Analysis of benthic macroinvertebrate samples at a higher taxonomic level than species, e.g. family, potentially provides a more cost-effective protocol for environmental impact assessments and monitoring as it requires less time, funds and taxonomic expertise. Using the AMBI database, species ecological group scores are shown to be coherent within families. Faunal data from a wide range of environmental impact scenarios in the north-eastern Atlantic demonstrate that AMBI, calculated from mean values for families, exhibits a strong linear relationship with species-level AMBI, the correlation improving by using square-root transformed rather than untransformed abundances. In many regions of the world, however, the sensitivity of benthic macroinvertebrates to environmental perturbations is unknown, precluding the use of AMBI for environmental assessments. Yet the families are essentially the same as in the AMBI database. The utility of family-level AMBI is tested using data for four south-western Australian estuaries previously subjected to environmental quality assessments, but where only 17 species of the 144 taxa are included in the AMBI database.
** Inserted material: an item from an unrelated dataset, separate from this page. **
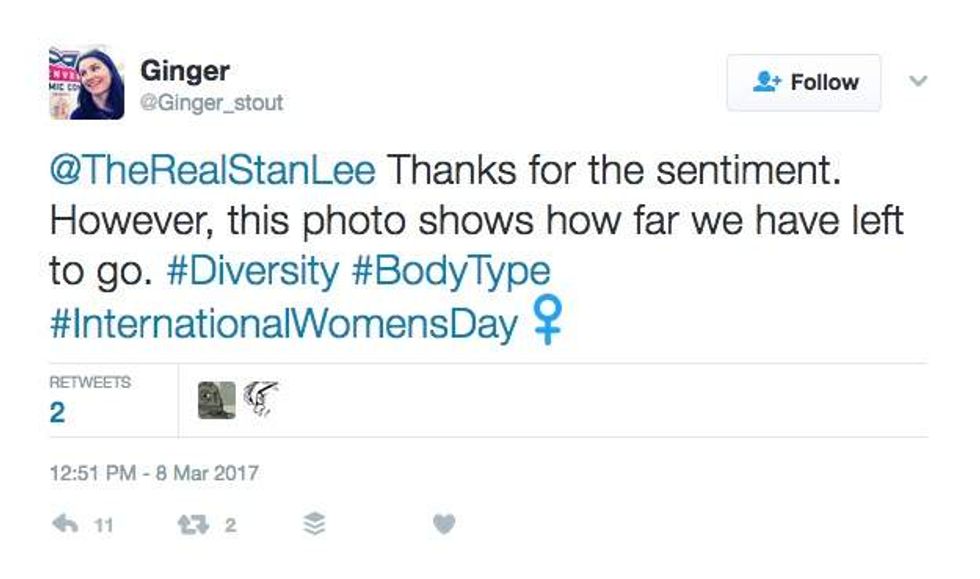 To mark International Women's Day on Wednesday, the 94-year-old Marvel Comics icon took to Twitter and gave a shout-out using artwork featuring "The Superhero Women."

Although family-level AMBI scores reflect differences in environmental quality spatially and temporally within an estuary, they do not follow variations in environmental quality among estuaries. Indeed, south-western Australia estuaries are numerically dominated by families with high AMBI scores, probably due to the detrimental effects of natural accumulations of organic material in estuaries with long residence times. As taxonomic distinctness follows trends in environmental quality among estuaries, as well as temporally and spatially within a system, it provides an appropriate substitute for assessing the 'heath' of microtidal estuaries.